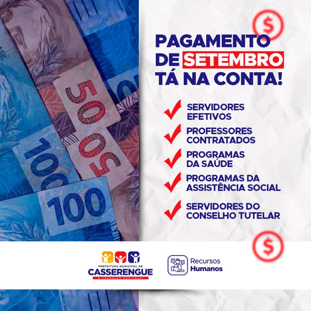 O pagamento referente ao mês de #Setembro foi realizado, honrando o compromisso que a Prefeitura tem de valorizar e reconhecer os servidores municipais.⠀
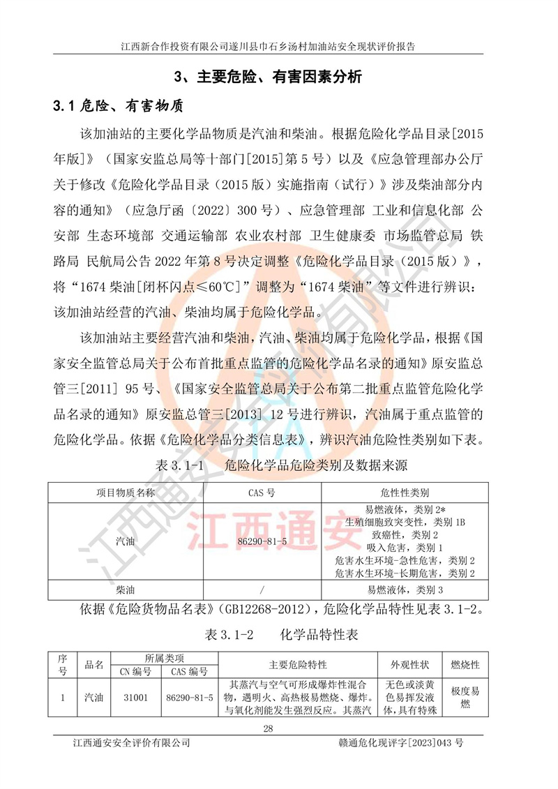 项目简介 | 江西新合作投资有限公司遂川县巾石乡汤村加油站是一家从事成品油零售经营的企业。该加油站于2017年12月05日经遂川县市场监督管理局核准注册成立,营业场所位于江西省吉安市遂川县巾石乡汤村。该加油站属于自然人投资或控股企业,负责人为林美元,营业执照统一社会信用代码为:91360827MA36YDDP6D。营业执照核准经营范围:许可项目:成品油零售,烟草制品零售,食品销售(依法须经批准的项目,经相关部门批准后在许可**期内方可开展经营活动,具体经营项目和许可期限以相关部门批/准文件或许可证件为准)一般项目:食品销售(仅销售预包装食品),日用品销售,保健食品(预包装)销售,汽车零配件批发,汽车装饰用品销售,机动车修理和维护,洗车服务(除依法须经批准的项目外,凭营业执照依法自主开展经营活动)。 江西新合作投资有限公司遂川县巾石乡汤村加油站占地面积17041.42㎡,加油站中设有3台0#柴油双枪加油机、1台92#汽油双枪加油机、2台92#汽油/95#汽油双枪加油机,2台SF双层50m³埋地卧式0#柴油罐、1台SF双层50m³埋地卧式92#汽油储罐、1台SF双层50m³埋地卧式95#汽油储罐,油品*大储存能力为150m³(柴油罐容积折半计入油罐总容积),属二级加油站,汽油卸油、加油设置了油气回收系统。 江西新合作投资有限公司遂川县巾石乡汤村加油站于2021年1月20日经吉安市应急管理局核准,换发了新的《危险化学品经营许可证》,证书编号:赣吉危化经字[2021]360800000005号,许可经营范围:成品油。**期2020年11月23日至2023年11月22日。 江西新合作投资有限公司遂川县巾石乡汤村加油站2023年4月23日经吉安市商务局核准,换取了新的《成品油零售经营批准证书》,证书编号:油零售证书第吉0248号,批准从事成品油(汽油、柴油)零售业务。证书**期2023年4月23日至2028年4月22日日。 项目生产过程中涉及的危险化学品有:汽油、柴油等。 项目各生产和储存单元均未构成危险化学品重大危险源。 | |||
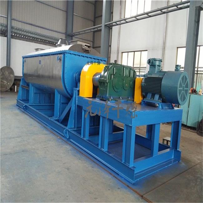 空心軸上密集排列著楔型中空槳葉,熱介質(zhì)經(jīng)空心軸流經(jīng)槳葉。單位有效容積內(nèi)傳熱面積很大,熱介質(zhì)溫度從-40℃到320℃,可以是水蒸汽,也可以是液體型:如熱水、導(dǎo)熱油等。間接傳導(dǎo)加熱,沒有攜帶空氣帶走熱量,熱量均用來加熱物料。熱量損失僅為通過器體保溫層向環(huán)境的散熱。楔型槳葉傳熱面具有自清潔功能。物料顆粒與楔型面的相對(duì)運(yùn)動(dòng)產(chǎn)生洗刷作用,能夠洗刷掉楔型面上附著物料,使運(yùn)轉(zhuǎn)中一直保持著清潔的傳熱面。槳葉干燥機(jī)的殼體為Ω型,殼體內(nèi)一般安排二到四根空心攪拌軸。殼體有密封端蓋與上蓋,防止物料粉塵外泄而充分發(fā)揮作用。

_TASK INSTRUCTIONS_
Output the listing above exactly, pictures omitted.

_RESULT FOR THIS TASK_
 O pagamento referente ao mês de #Setembro foi realizado, honrando o compromisso que a Prefeitura tem de valorizar e reconhecer os servidores municipais.⠀
 项目简介 | 江西新合作投资有限公司遂川县巾石乡汤村加油站是一家从事成品油零售经营的企业。该加油站于2017年12月05日经遂川县市场监督管理局核准注册成立,营业场所位于江西省吉安市遂川县巾石乡汤村。该加油站属于自然人投资或控股企业,负责人为林美元,营业执照统一社会信用代码为:91360827MA36YDDP6D。营业执照核准经营范围:许可项目:成品油零售,烟草制品零售,食品销售(依法须经批准的项目,经相关部门批准后在许可**期内方可开展经营活动,具体经营项目和许可期限以相关部门批/准文件或许可证件为准)一般项目:食品销售(仅销售预包装食品),日用品销售,保健食品(预包装)销售,汽车零配件批发,汽车装饰用品销售,机动车修理和维护,洗车服务(除依法须经批准的项目外,凭营业执照依法自主开展经营活动)。 江西新合作投资有限公司遂川县巾石乡汤村加油站占地面积17041.42㎡,加油站中设有3台0#柴油双枪加油机、1台92#汽油双枪加油机、2台92#汽油/95#汽油双枪加油机,2台SF双层50m³埋地卧式0#柴油罐、1台SF双层50m³埋地卧式92#汽油储罐、1台SF双层50m³埋地卧式95#汽油储罐,油品*大储存能力为150m³(柴油罐容积折半计入油罐总容积),属二级加油站,汽油卸油、加油设置了油气回收系统。 江西新合作投资有限公司遂川县巾石乡汤村加油站于2021年1月20日经吉安市应急管理局核准,换发了新的《危险化学品经营许可证》,证书编号:赣吉危化经字[2021]360800000005号,许可经营范围:成品油。**期2020年11月23日至2023年11月22日。 江西新合作投资有限公司遂川县巾石乡汤村加油站2023年4月23日经吉安市商务局核准,换取了新的《成品油零售经营批准证书》,证书编号:油零售证书第吉0248号,批准从事成品油(汽油、柴油)零售业务。证书**期2023年4月23日至2028年4月22日日。 项目生产过程中涉及的危险化学品有:汽油、柴油等。 项目各生产和储存单元均未构成危险化学品重大危险源。 | |||
 空心軸上密集排列著楔型中空槳葉,熱介質(zhì)經(jīng)空心軸流經(jīng)槳葉。單位有效容積內(nèi)傳熱面積很大,熱介質(zhì)溫度從-40℃到320℃,可以是水蒸汽,也可以是液體型:如熱水、導(dǎo)熱油等。間接傳導(dǎo)加熱,沒有攜帶空氣帶走熱量,熱量均用來加熱物料。熱量損失僅為通過器體保溫層向環(huán)境的散熱。楔型槳葉傳熱面具有自清潔功能。物料顆粒與楔型面的相對(duì)運(yùn)動(dòng)產(chǎn)生洗刷作用,能夠洗刷掉楔型面上附著物料,使運(yùn)轉(zhuǎn)中一直保持著清潔的傳熱面。槳葉干燥機(jī)的殼體為Ω型,殼體內(nèi)一般安排二到四根空心攪拌軸。殼體有密封端蓋與上蓋,防止物料粉塵外泄而充分發(fā)揮作用。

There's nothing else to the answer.